═══ Extracted records ═══

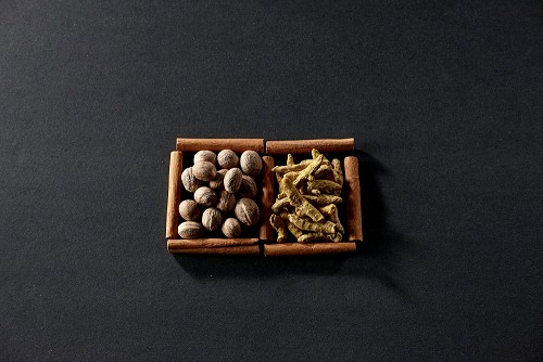 2 squares of cinnamon sticks full of nutmeg and turmeric fingers on black flooring
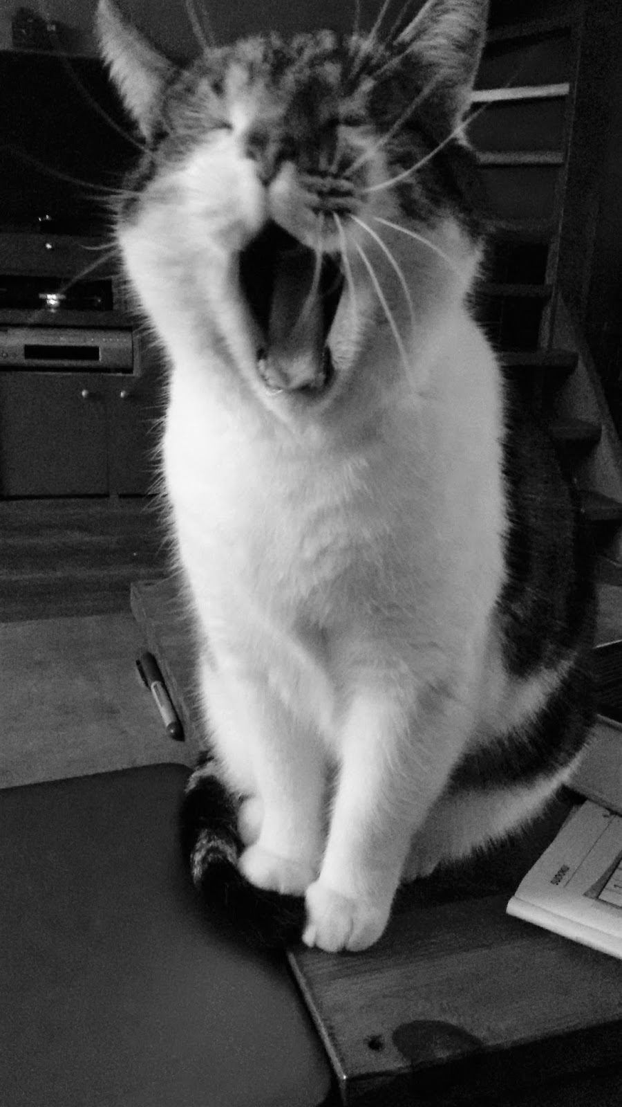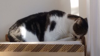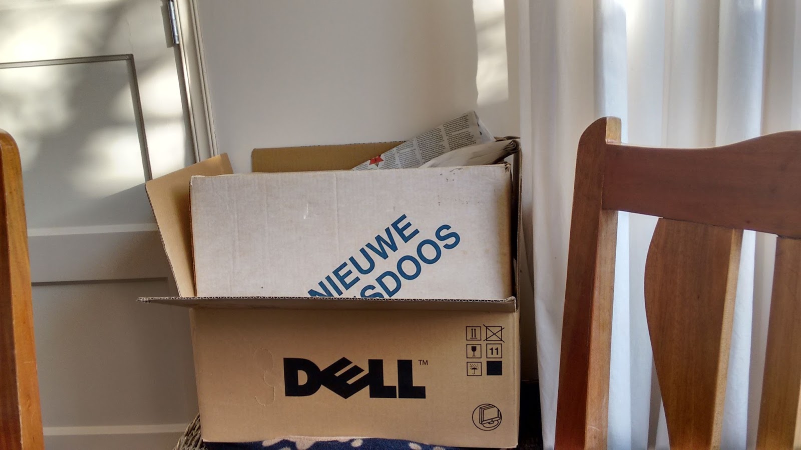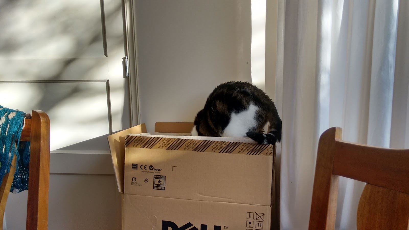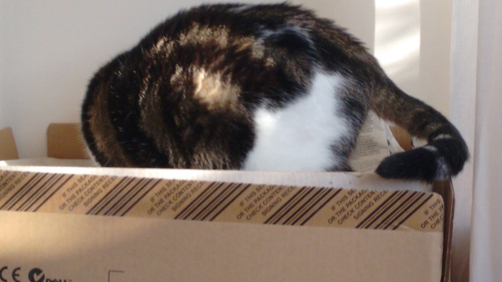 Dat de angst en onzekerheid nog steeds zeer aanwezig zijn, zag ik deze week. In de huiskamer stond een grote lege doos. Dibbes is als echte kat dól op dozen dus sprong hij erin, eruit, erin, eruit. Om vervolgens ineens als een idioot heen en weer te rennen, trap op, trap af. Volledig in paniek. Er bleek een stuk tape aan zijn staart te zijn vastgeplakt. In die doos zat blijkbaar van dat afplaktape waar je dozen mee dichtmaakt en dat hing aan zijn staart.
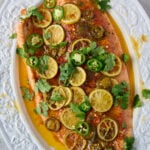 Large salmon fillet – Skinless is easiest, but if yours has skin, pour boiling water over the skin to help it contract so the skin peels off cleanly. It will slide right off!
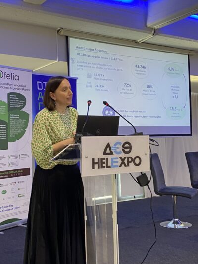 Ο Ιωάννης Αμαραντίδης, Project Manager των έργων Ofelia και DigiAgriFood, παρουσίασε το έργο OFELIA, το οποίο επικεντρώνεται στα λειτουργικά τρόφιμα και τα αρωματικά και θεραπευτικά φυτά. Τόνισε πως ο στόχος του έργου είναι η ενίσχυση της καινοτομίας και του ψηφιακού μετασχηματισμού σε όλη την αλυσίδα αξίας, από την παραγωγή έως τη διάθεση των προϊόντων, μέσω διαπεριφερειακής συνεργασίας και σύγχρονων τεχνολογιών.
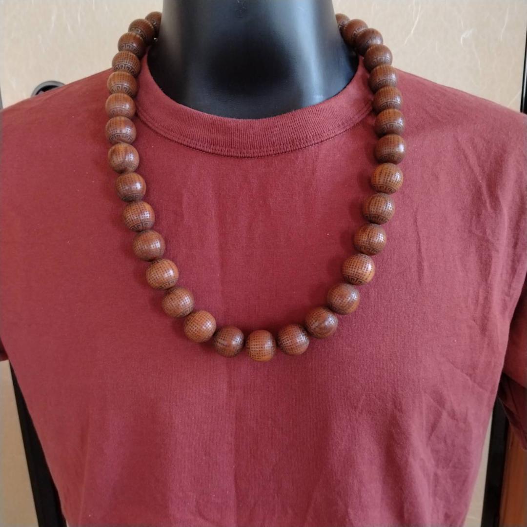 - 数珠 念珠 ネックレス 木彫り 般若心経 大玉 法霊数珠 20mm玉 約75cm

═══

• _Task brief_
Copy the lines above exactly and exclude every image.

• _Written solution_
 2 squares of cinnamon sticks full of nutmeg and turmeric fingers on black flooring
 Dat de angst en onzekerheid nog steeds zeer aanwezig zijn, zag ik deze week. In de huiskamer stond een grote lege doos. Dibbes is als echte kat dól op dozen dus sprong hij erin, eruit, erin, eruit. Om vervolgens ineens als een idioot heen en weer te rennen, trap op, trap af. Volledig in paniek. Er bleek een stuk tape aan zijn staart te zijn vastgeplakt. In die doos zat blijkbaar van dat afplaktape waar je dozen mee dichtmaakt en dat hing aan zijn staart.
 Large salmon fillet – Skinless is easiest, but if yours has skin, pour boiling water over the skin to help it contract so the skin peels off cleanly. It will slide right off!
 Ο Ιωάννης Αμαραντίδης, Project Manager των έργων Ofelia και DigiAgriFood, παρουσίασε το έργο OFELIA, το οποίο επικεντρώνεται στα λειτουργικά τρόφιμα και τα αρωματικά και θεραπευτικά φυτά. Τόνισε πως ο στόχος του έργου είναι η ενίσχυση της καινοτομίας και του ψηφιακού μετασχηματισμού σε όλη την αλυσίδα αξίας, από την παραγωγή έως τη διάθεση των προϊόντων, μέσω διαπεριφερειακής συνεργασίας και σύγχρονων τεχνολογιών.
 - 数珠 念珠 ネックレス 木彫り 般若心経 大玉 法霊数珠 20mm玉 約75cm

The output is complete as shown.